Each line below should be repeated exactly as written, with no pictures carried over.

● Recorded data:
<<<<

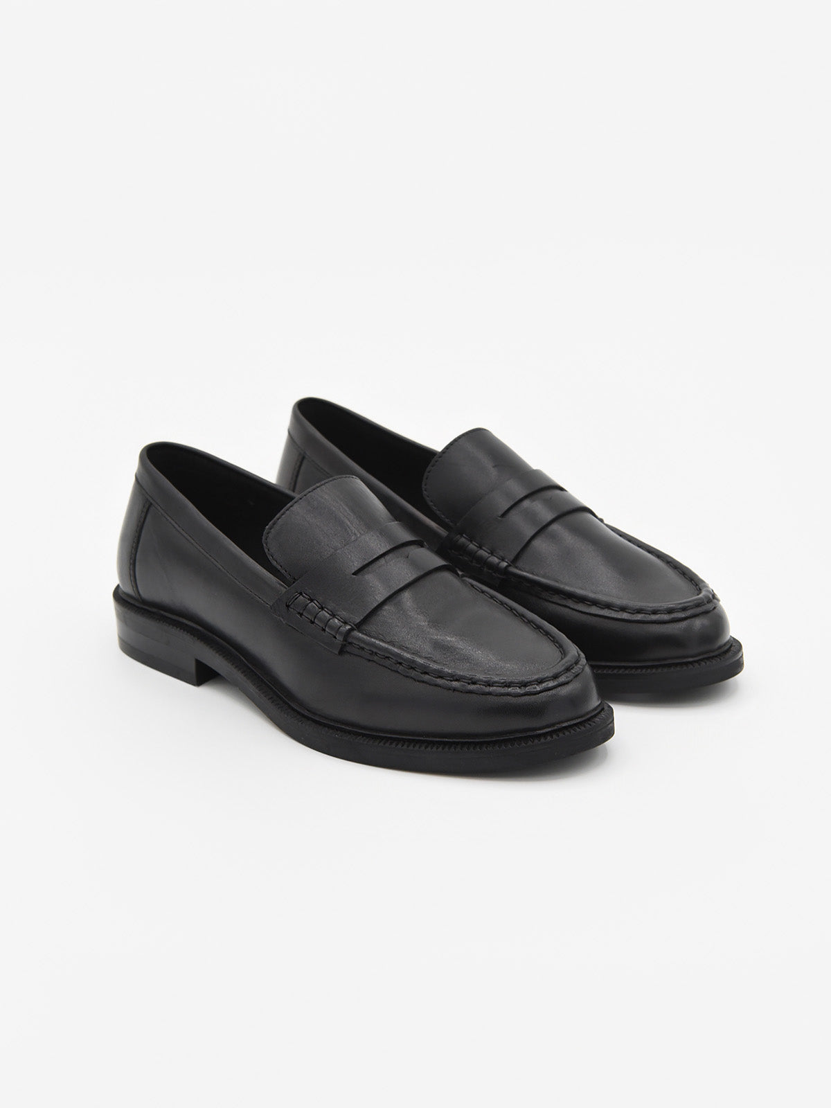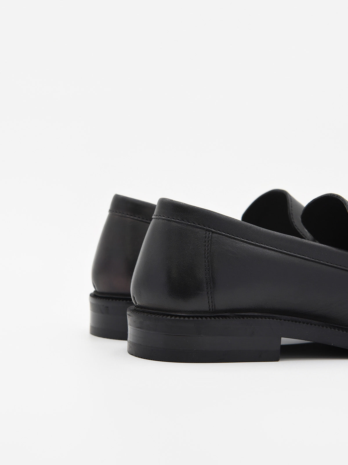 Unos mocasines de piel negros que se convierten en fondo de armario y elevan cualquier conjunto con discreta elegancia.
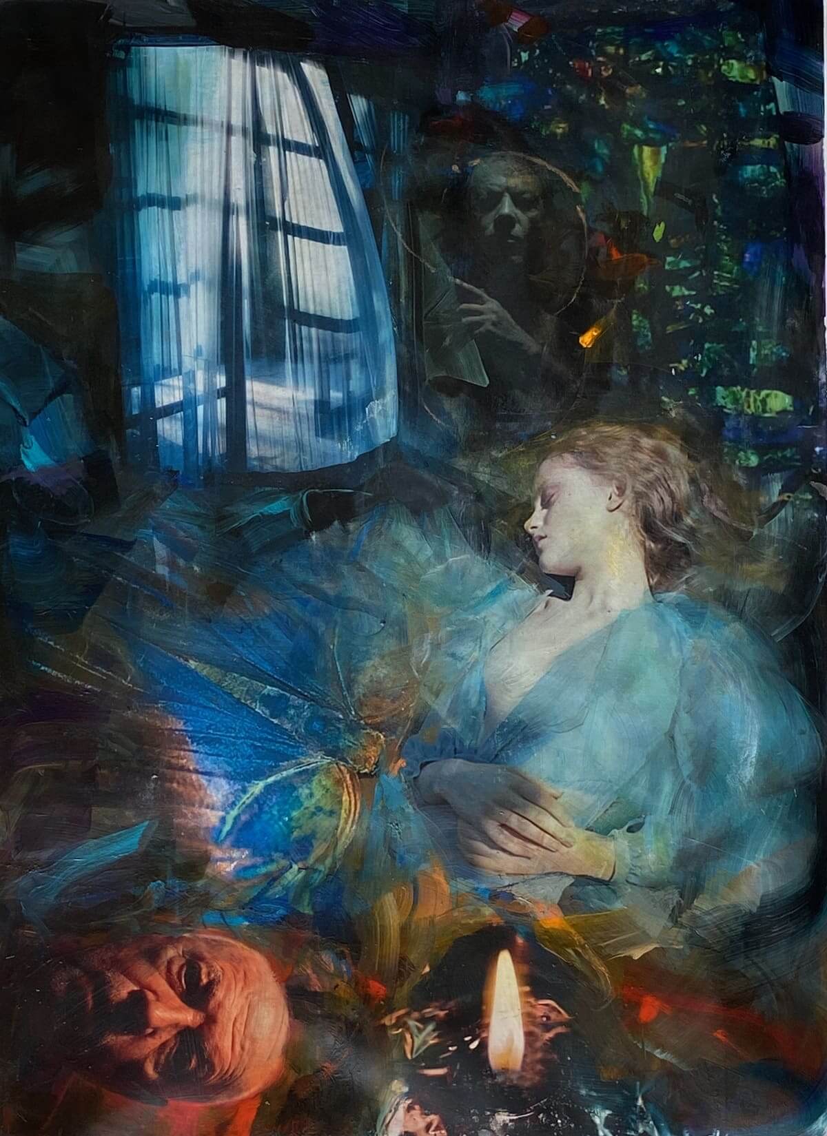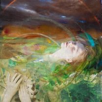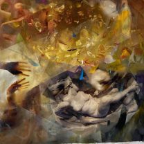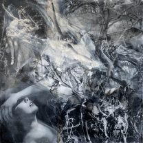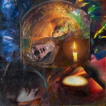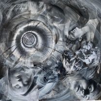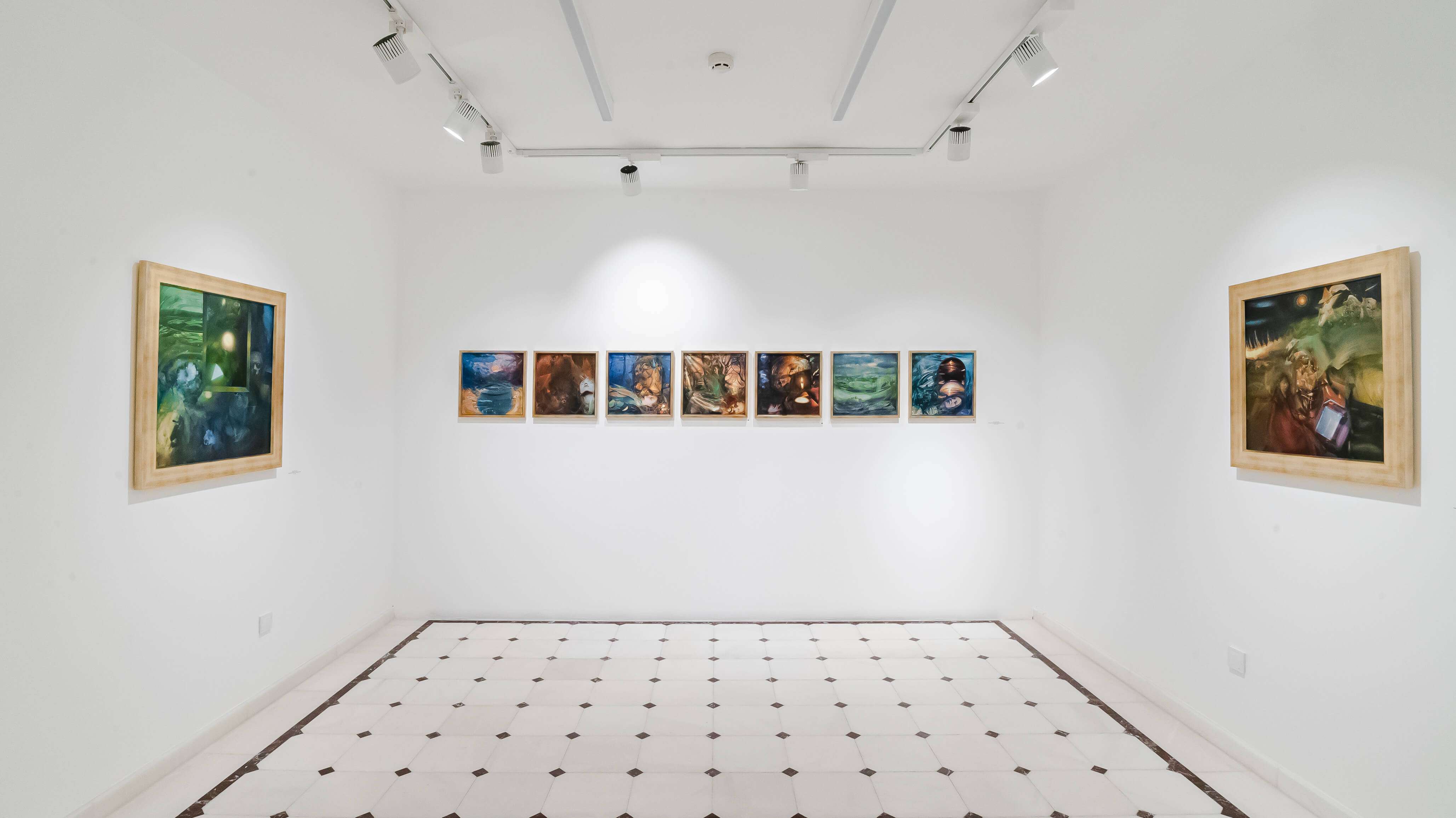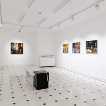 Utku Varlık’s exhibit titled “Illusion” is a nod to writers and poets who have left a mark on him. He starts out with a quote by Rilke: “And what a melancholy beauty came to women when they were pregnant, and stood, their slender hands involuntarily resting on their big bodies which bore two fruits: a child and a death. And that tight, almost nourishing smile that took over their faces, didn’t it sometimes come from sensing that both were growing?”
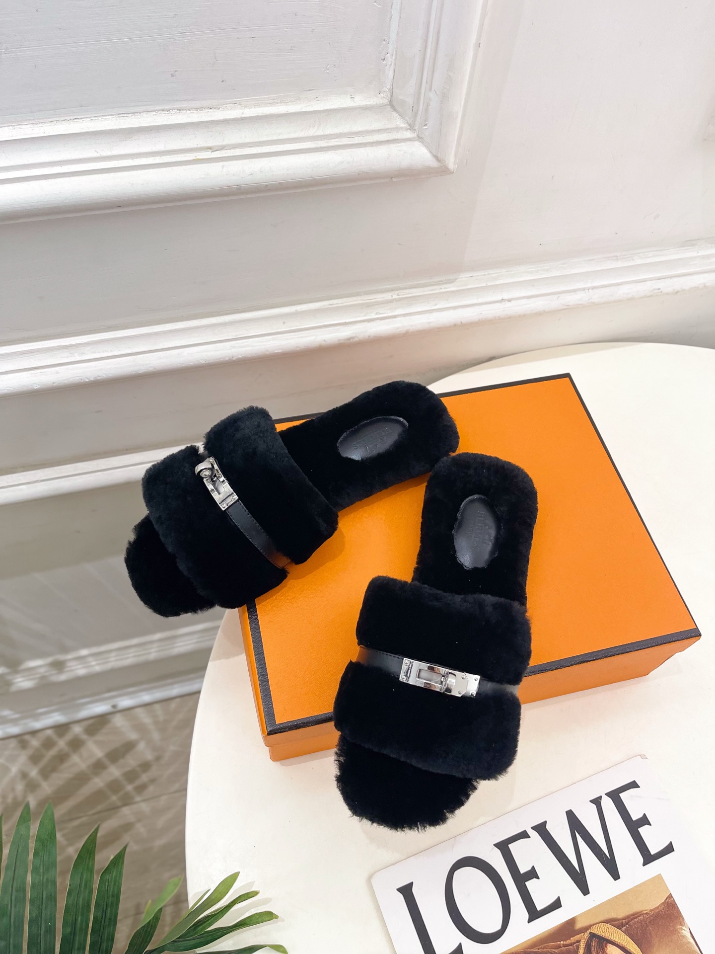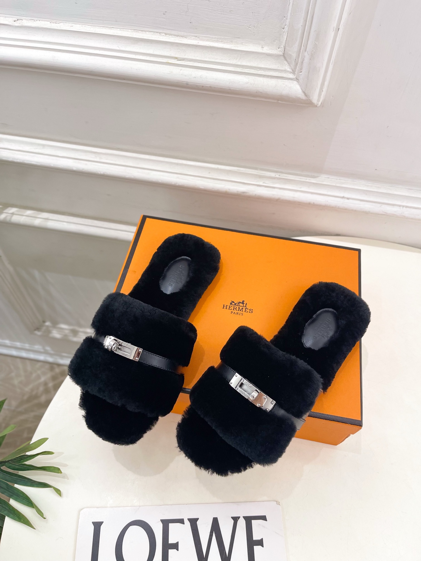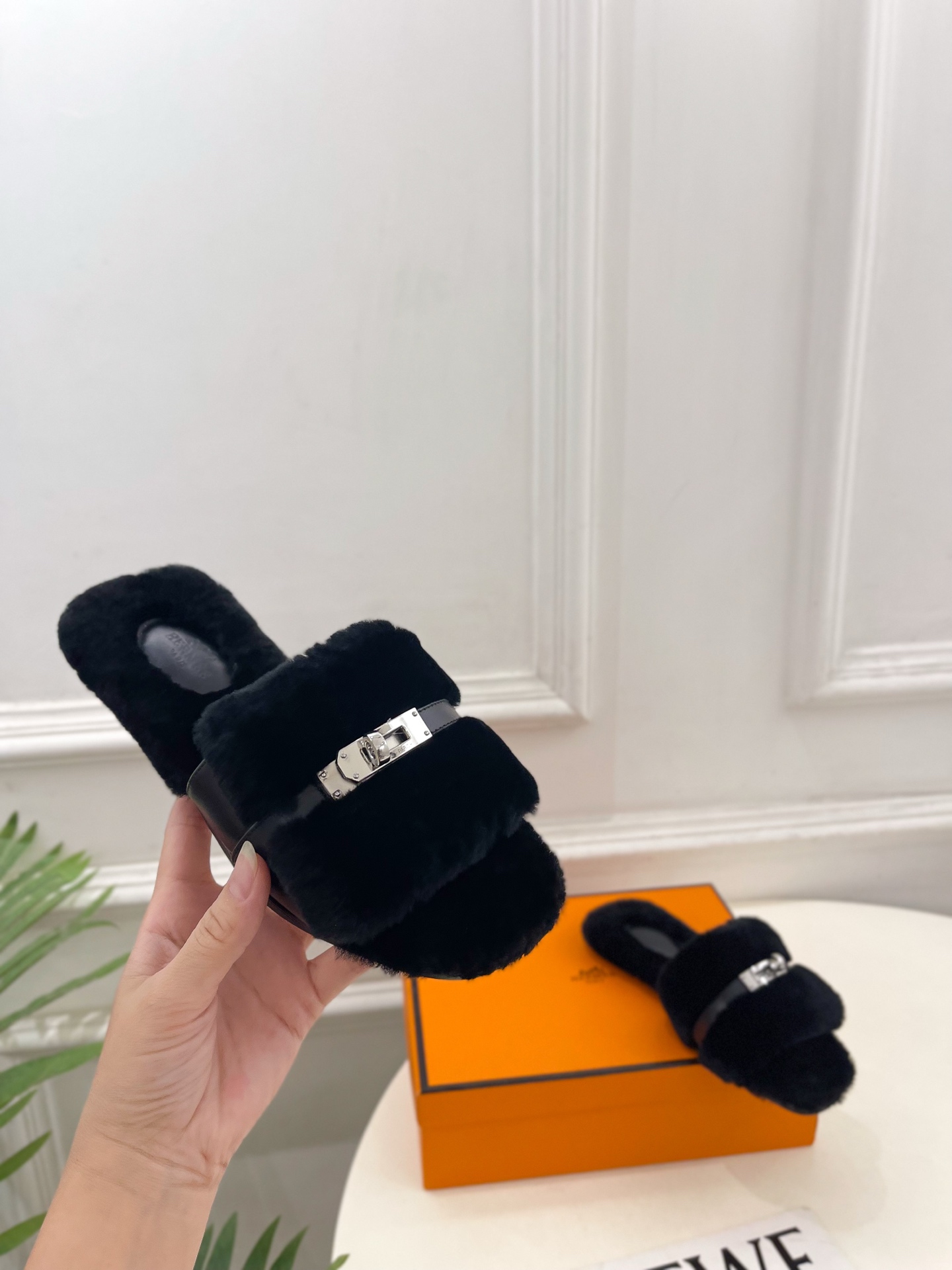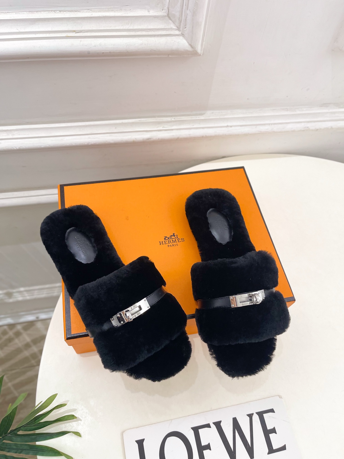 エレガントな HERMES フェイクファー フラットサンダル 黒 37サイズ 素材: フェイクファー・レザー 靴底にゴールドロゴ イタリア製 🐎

>>>>

● Result for this task:
 Unos mocasines de piel negros que se convierten en fondo de armario y elevan cualquier conjunto con discreta elegancia.
 Utku Varlık’s exhibit titled “Illusion” is a nod to writers and poets who have left a mark on him. He starts out with a quote by Rilke: “And what a melancholy beauty came to women when they were pregnant, and stood, their slender hands involuntarily resting on their big bodies which bore two fruits: a child and a death. And that tight, almost nourishing smile that took over their faces, didn’t it sometimes come from sensing that both were growing?”
 エレガントな HERMES フェイクファー フラットサンダル 黒 37サイズ 素材: フェイクファー・レザー 靴底にゴールドロゴ イタリア製 🐎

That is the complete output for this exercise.